Prior to December 4, 2010, speculation was rampant and opinions were strong regarding Google’s (GOOG) controversial bid for Groupon, one of the fastest growing companies in the technology space.  It was reported that Google had made an offer of $5.3 billion for the booming online coupon shopping portal, with a further $700 million to be based on Groupon’s ability to achieve certain performance targets.  The deal itself had investors and analysts abuzz, questioning whether the acquisition was the right move for either company.  Some with a stake in Google feared that the valuation on Groupon was unjustified and that the online search powerhouse could internally replicate the web-based marketing services provided by the company it was attempting to acquire, without the $6 billion price tag. Conversely, there were supporters of Groupon who felt that the website’s extraordinary growth potential meant that Google was an unnecessary addition to an already promising future.  However, as stakeholders in both companies waited to hear the outcome of what was believed to be a likely acquisition, the unexpected news broke out that the deal had officially been turned down.  Suddenly, all of the preceding qualms and concerns had become irrelevant, and the end was marked of what would have been the most expensive acquisition in Google’s history. 

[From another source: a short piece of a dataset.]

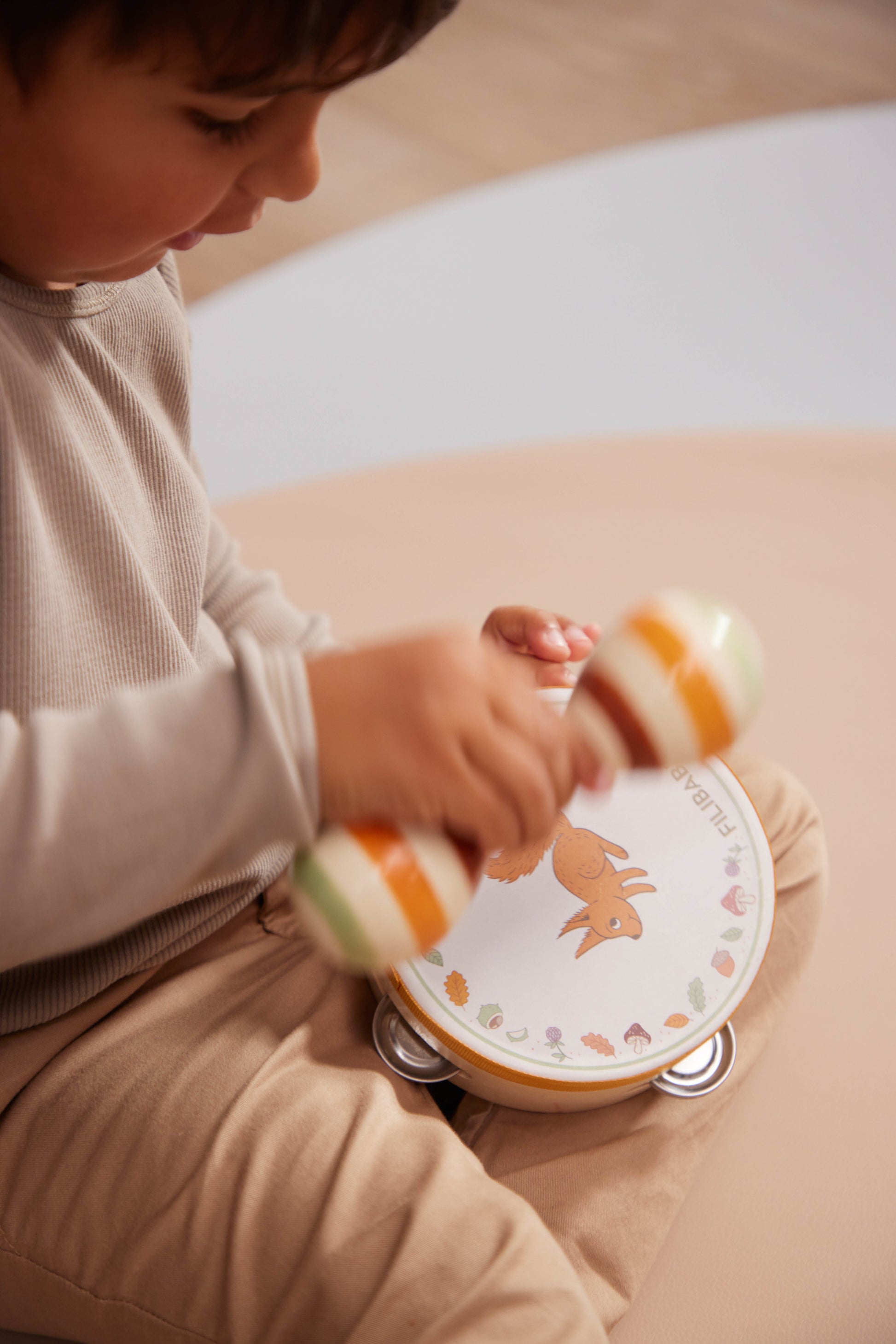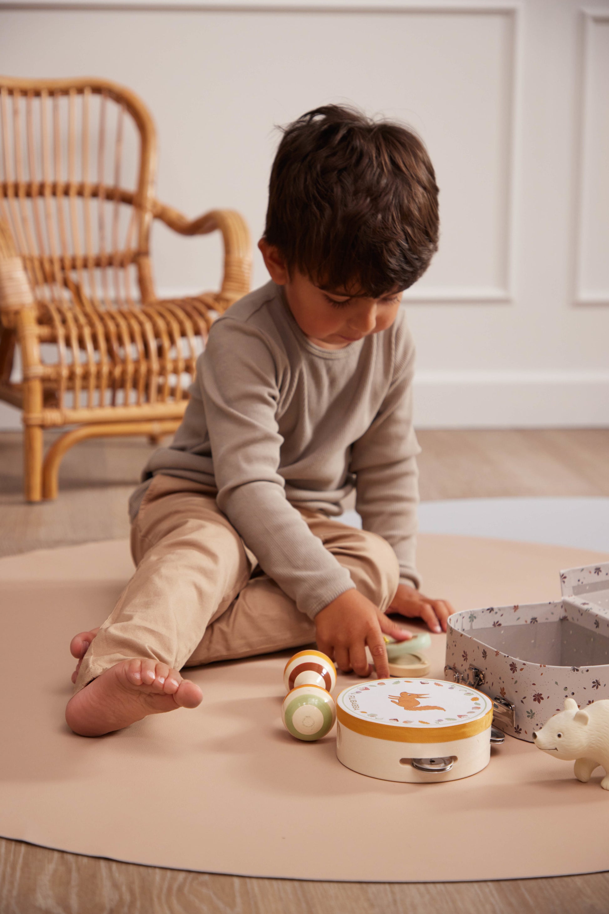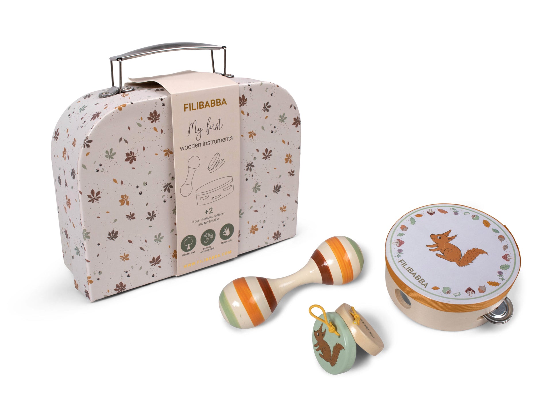 Lass uns gemeinsam Musik machen! Mit diesem niedlichen Spielzeugkoffer mit Instrumenten kann Dein Kind Klänge und Rhythmen erkunden und gleichzeitig seine feinmotorischen Fähigkeiten entwickeln. Der Koffer enthält drei Instrumente: Kastagnetten, Maracas und Tamburin. Die Instrumente sind entweder aus Pappel- oder Buchenholz gefertigt und mit niedlichen Illustrationen von Eichhörnchen und Elementen aus der Natur verziert. Die Außenseite des Koffers ist mit den bunten Blättern unseres Chestnuts-Prints. Mit dem praktischen Koffer lässt sich das Set leicht auf Reisen mitnehmen und nach dem Konzert schnell aufräumen. Material: Papier und Holz Höhe (cm) 4 Breite (cm) 12 Länge (cm) 12 Nettogewicht (Gram) 328

In the last few years, Google has made successful bids for many notable online businesses including dMarc Broadcasting, YouTube, DoubleClick, Postini, AdMob, ITA Software, and Slide.com.  Even the most costly of those, however, (DoubleClick – $3.1 billion) represents less than half of what Google was willing to spend to acquire a business hardly two years old.  So what makes Groupon so special?  First, the company is a strange creature in platform-obsessed Silicon Valley, as it was not founded by a Stanford computer scientist, but a Northwestern music major, Andrew Mason.  The company’s business model is built on linking merchants wanting to offer substantial deals to their consumers to the critical masses. The deals are featured on Groupon’s website and customers pay Groupon directly.  Subsequently, the company pays the merchant its share for advertising with them, while retaining 50% of the revenue generated from sales.  It is this simple model that has transformed the firm into a runaway success a mere two years after its inception.  Groupon is currently on track to book $500 million in revenue this year, is backed by a 3,000-person sales force, and has the reputed title of the fastest growing company in U.S. history.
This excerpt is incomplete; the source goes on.